- Born: Pedro Antonio Gonzalez Ramos 14 May 1935 Mayagüez, Puerto Rico
- Died: 26 May 2023 (aged 88) San Juan, Puerto Rico
- Education: University of Puerto Rico at Mayagüez (BA, MS) Fordham University (PhD)
- Occupations: Academic administrator, doctor, educator

= Pedro González Ramos =

Puerto Rican academic administrator (1935–2023)

Pedro Antonio Gonzalez Ramos (14 May 1935 – 26 May 2023) was a Puerto Rican academic administrator, doctor and educator.

He graduated with a Bachelor in Biology and a Master of Science from the University of Puerto Rico at Mayagüez. Earned Doctor of Philosophy in Biology from Fordham University. There he joined in 1953 the Beta chapter of Phi Sigma Alpha fraternity.

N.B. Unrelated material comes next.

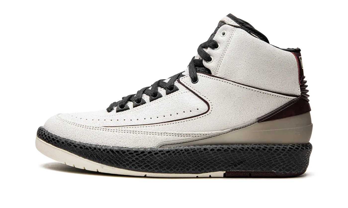 The A Ma Maniére x Air Jordan 2 is a collaboration between the upscale clothing and sneaker boutique and Jordan Brand on Michael Jordan's second signature shoe. The Jordan 2 enjoyed newfound appreciation when Off-White collaborated on the retro basketball sneaker in 2021, and again when Union co-created several colorways in early 2022. Excitement for the old school shoe boiled over when A Ma Maniére released its "Airness" version in May 2022. Details include a premium textured Sail leather base with burgundy accents on the heel. A black faux snakeskin textured midsole adds to the shoe's opulent look. "Maniére" branding replaces the original "Air" detailing found on the heel. A burgundy "Wings" logo is found on the tongue. Release date: May 13, 2022

He was the second Dean of the University of Puerto Rico at Humacao from 1960 to 1972.

He was president of the Puerto Rico Telephone Company and radio station WKAQ (AM).

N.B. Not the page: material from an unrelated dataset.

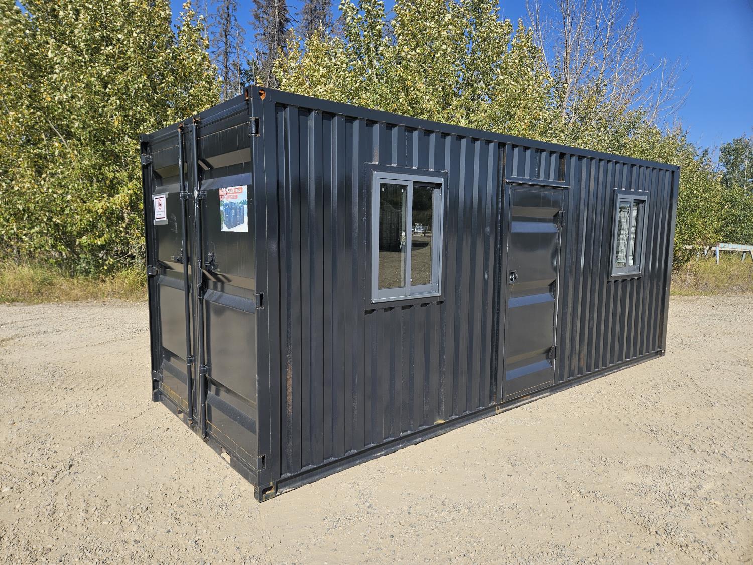 19.5 ft x 7.4 ft x 8 ft, bi-folding doors, man door, windows, one time use

He was the President of Universidad del Sagrado Corazón from 1972 to 1986. Under his presidency new academic programs were added such as natural Sciences, Business and communications. The Dolphin was chosen as the university mascot and Sagrado joined Liga Atlética Interuniversitaria (LAI), he coordinated the visit of Pope John Paul II to the campus. On March 23, 2023, Sagrado Corazón bestowed upon him their first Distinguished Service award, which be henceforth be named in his honor.